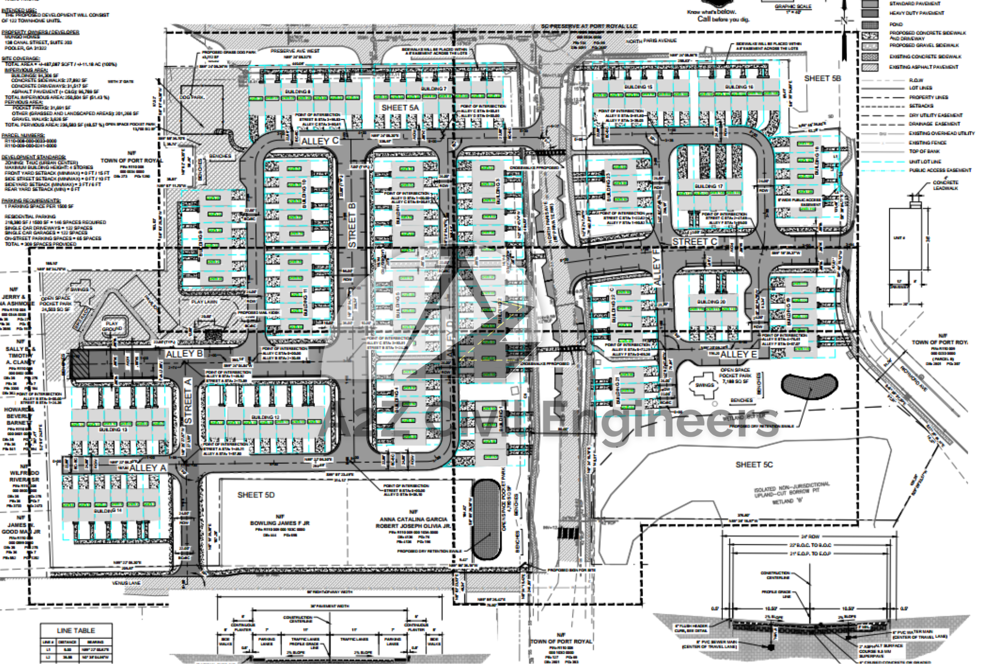 Proposed Lots: 122 Lots, Design: Site Construction Plan.
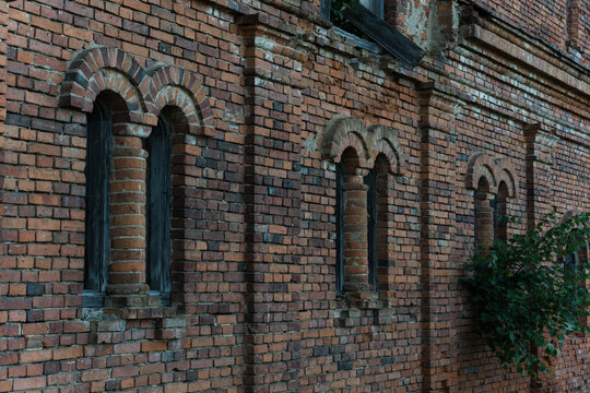 Vertical, narrow windows of a brick stable. 19th century building
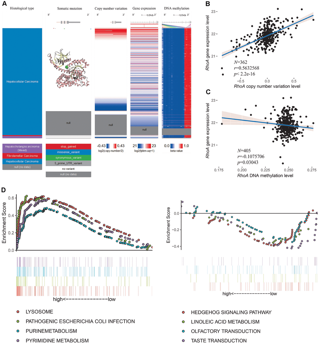 The essential position occupied by RhoA in the cancer cellular signaling pathway network has emphasized the importance of RhoA in cancer pathophysiology, and the intrinsic characteristics of RhoA make RhoA a great potential distinguished diagnostic and prognostic biomarker for liver cancer. As described before, instead of acting solely as a cancer indicator, RhoA also acts as a functional regulator. We next explored the dysregulation mechanism of gene expression via multiomics analysis. The results showed that the copy number amplification of RhoA mainly contributed to its increased gene expression, which may be a potential therapeutic target for HCC. The predominant KEGG pathways in the high RhoA level group and the low RhoA level group were further identified by using GSEA to reveal potential differential signaling pathways.
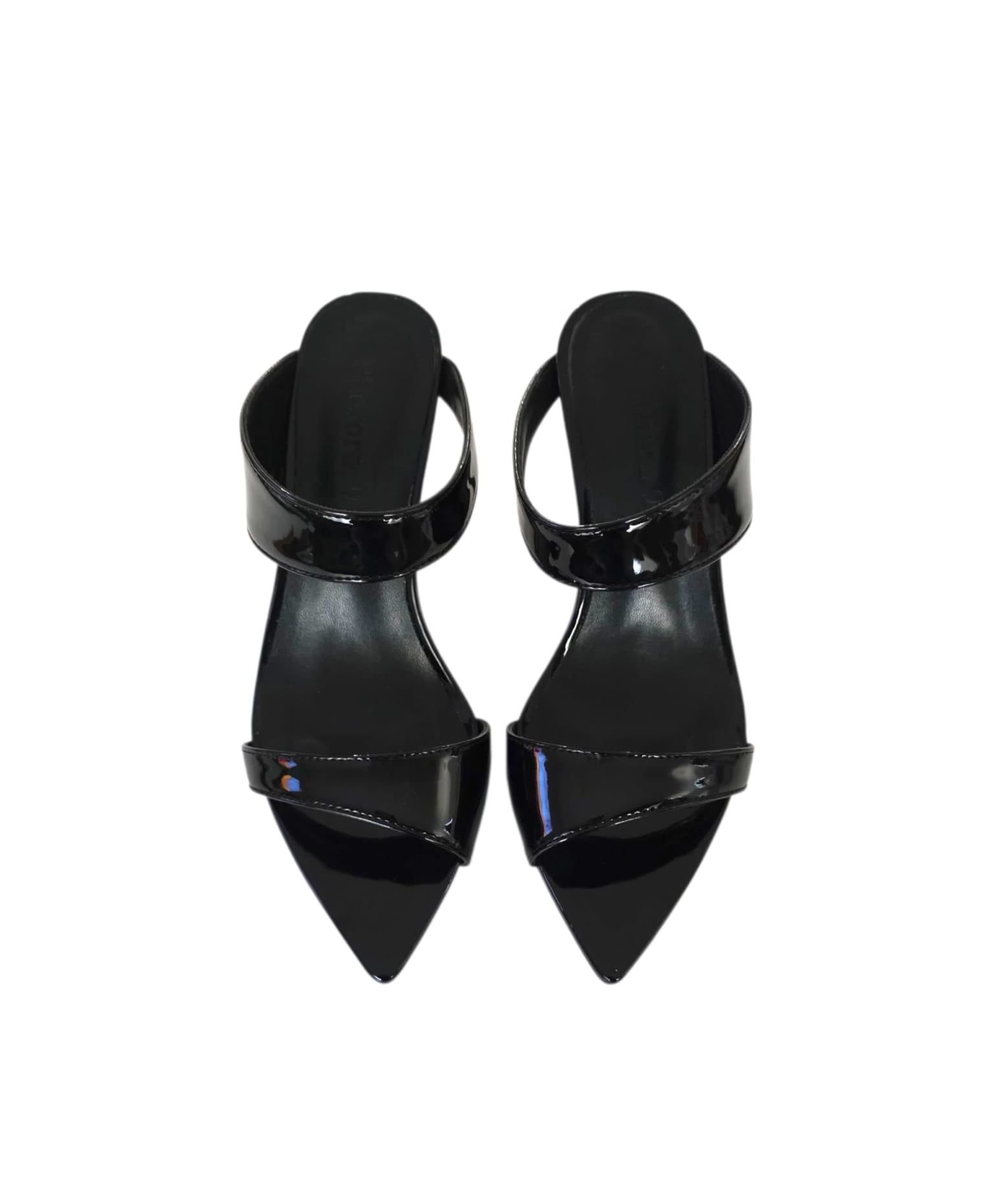 - Black non-leather patent upper
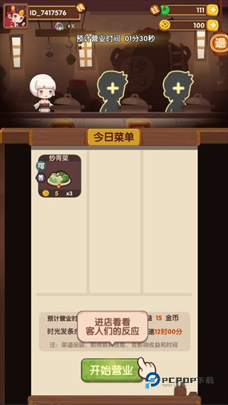 4、进入营业界面后,选择今日菜单、配置厨师,点击【开始营业】即可让餐厅自动运营,获取收益与加速道具。
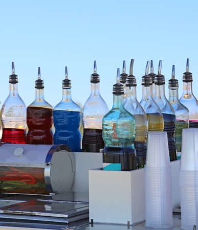 many bottles of juices and syrups at the seaside bar in summer
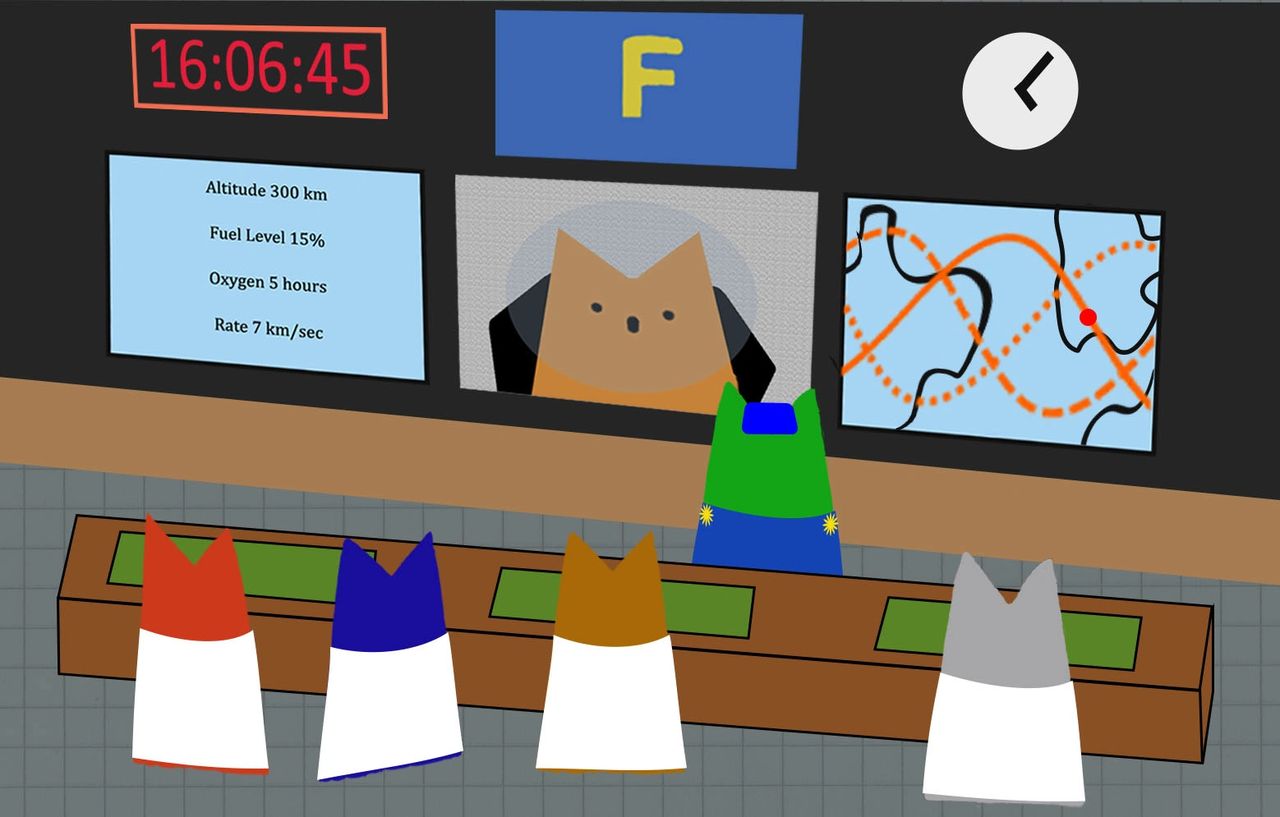 Felinia’s best rocket scientists were dispatched to Catstroph to help design a mechanism that would allow the fuel transfer to Major Tom’s ship. Even working around the clock with every available resource, Major Tom was down to five hours of oxygen when the Catstrophian rocket was ready.
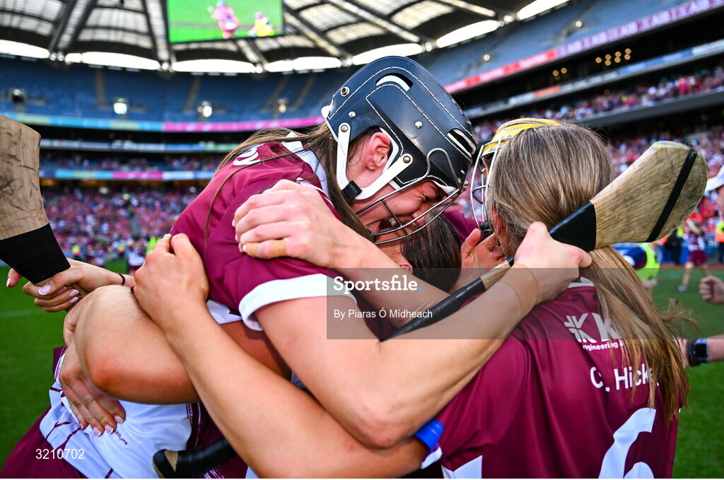 10 August 2025; Carrie Dolan of Galway, left, celebrates with team-mates after her side's victory in the Glen Dimplex All-Ireland Senior Camogie Championship final match between Cork and Galway at Croke Park in Dublin. Photo by Piaras Ó Mídheach/Sportsfile
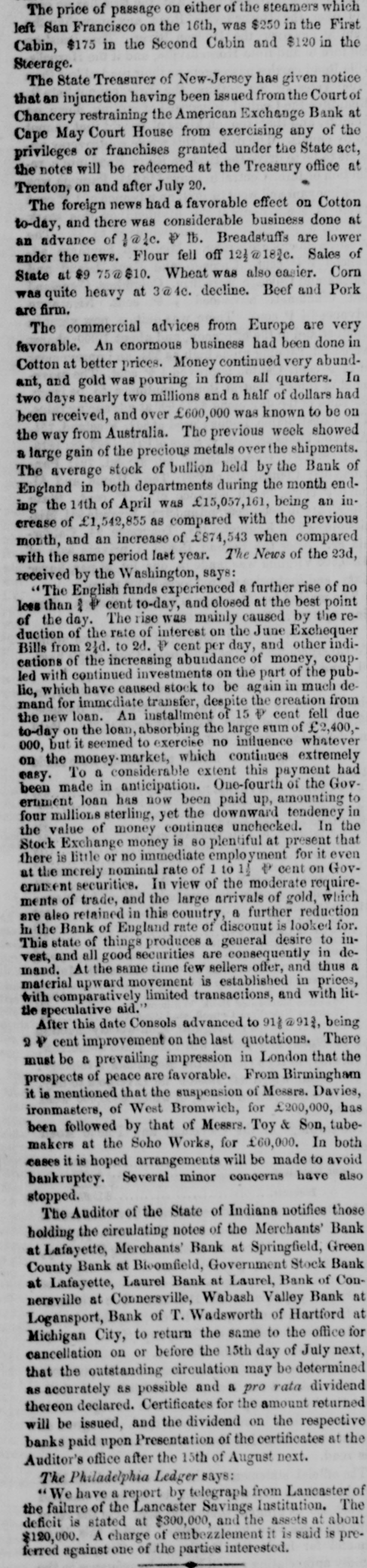 The receipts the office or the Assistant Treasurer of this port to-day, were $244,085 86; paid, $155,480 17; be. Jance, $3,317,473 41. The committee appointed by the Board of Brokers have reported that the first issue of bonds by the New York Dentral Railroad Company given for the premium on the stock of companies forming the constitution, shall hereafter be known as the New York Central Railroad bonds The issue given for subscription to the stock of the Lake Shore and Great Western Railroad companies shall hereafter be known as New York Central Railroad subscription bonds. The bonds are all of the same date, and mature in 1880. The Albany Atlas of last evening says :The Board of Directors of the New York Central Railroad Company will meet here on Friday next to declare their dividend from the carnit gs of the road from the 1st of May to the 1st of February, last. The earnings of the road will amount to & net sum sufficient to declare six per cent, and leave a handsome sum after paying interast OD the debt, and laying aside the sinking fund of 1) per cent. What the dividend will be is of course unknown, though it will certainly not be less than four per cent, which will probably be the measure of the semi annual divi dends. It will be paid in cash on the 1st of February proximo. The report of the New Jersey bank commissioners to the Legislature furnishes the following information reistive to the banks under the general laws of the State:The City Bank at Cape Island has closed its busineas, and the Bank of Cape May Company has been started ia its place. Its stock in generally owned in the county, and it is doing a bona fide business. A new bank called the Mechanics' and Traders' Bank has been established in Jersey City since the last report, which is also bona fide, and apparently sound and healthy The Hudson County Back, Newark City Bank, Borden town Banking Company, and Central Bank, at Hightown conduct & legitimate business. and deserve the confidence of the community. The Hudson Company, the Borden town Banking Company, and the Central, have applied for an obtained an increased amount of stock. &The Ocean Bank at Bergen Iron Works, the Delaware and Hudson at Tom's river, the Merchants' Bank at May's landing, the Atlantic at Cape May Court House. the Far. mers' at Freehold, and the Tradesmen's at Flemington, are in process of liquidation. Legal proceedings have been commenced since the last report against the American Exchange Bank, Cape May Court House, the Bank of America do, and the Traders do. The American Exchange Bank has been closed by law. The proceedings against the other banks have been suspended, they having complied with the law. The case of the Merchants' Bank at Bridgeton is still before the Chancellor The Commissioners cannot say as to the character of the Public Stock Bank, Belvidere, the Passaic County Bank at Paterson, the Wheat Growers' at Newton, the Bank of North America at Flemington, and the America Bank Treaton; but no legal complaint has been made concerning them. The Commissioners recommend the enastment of a supplement to the general law, with the following fea tures 1. No bank to have notes from the Treasurer till a certificate is given that their capital stock is paid in, in spesie. 2. No bank to organize till $30,000 is placed with the State Treasurer. 8. No bank to receive notes till the Bank Commission are certify to their possessing a Lona fide banking house. 4 Three directors to be residents of the place where the bank is located. 5. Annual statements hereafter to be made to the Bank Commissioners. 6. Stockholders to file certificates that they are bona fide owners of the stock registered in their names 7. The Commissioners' approval of the location of B bank to be necessary to its going into operation. The eighth annual report of the Macon and Western ,Railroad Company gives the following statement of receipts and disbursements for the year 1853 :MACON AND WESTERN (GEO.) RAILROAD.
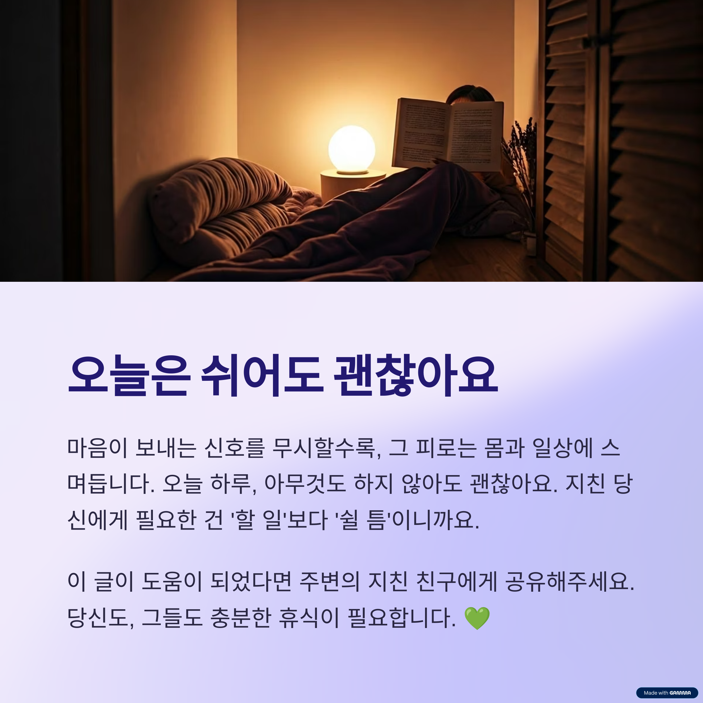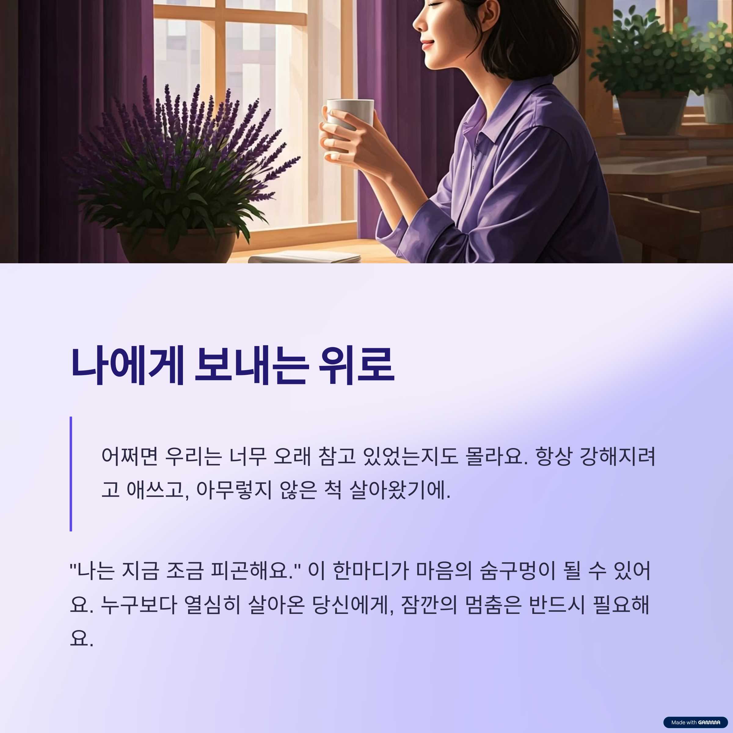 지친 당신에게 필요한 건 ‘할 일’보다 ‘쉴 틈’이니까요.

────────────────────────────────────────

Output, line for line and exactly, the records above from their first line through the one with "Vertical, narrow windows", both ends included, but no pictures.

 Proposed Lots: 122 Lots, Design: Site Construction Plan.
 Vertical, narrow windows of a brick stable. 19th century building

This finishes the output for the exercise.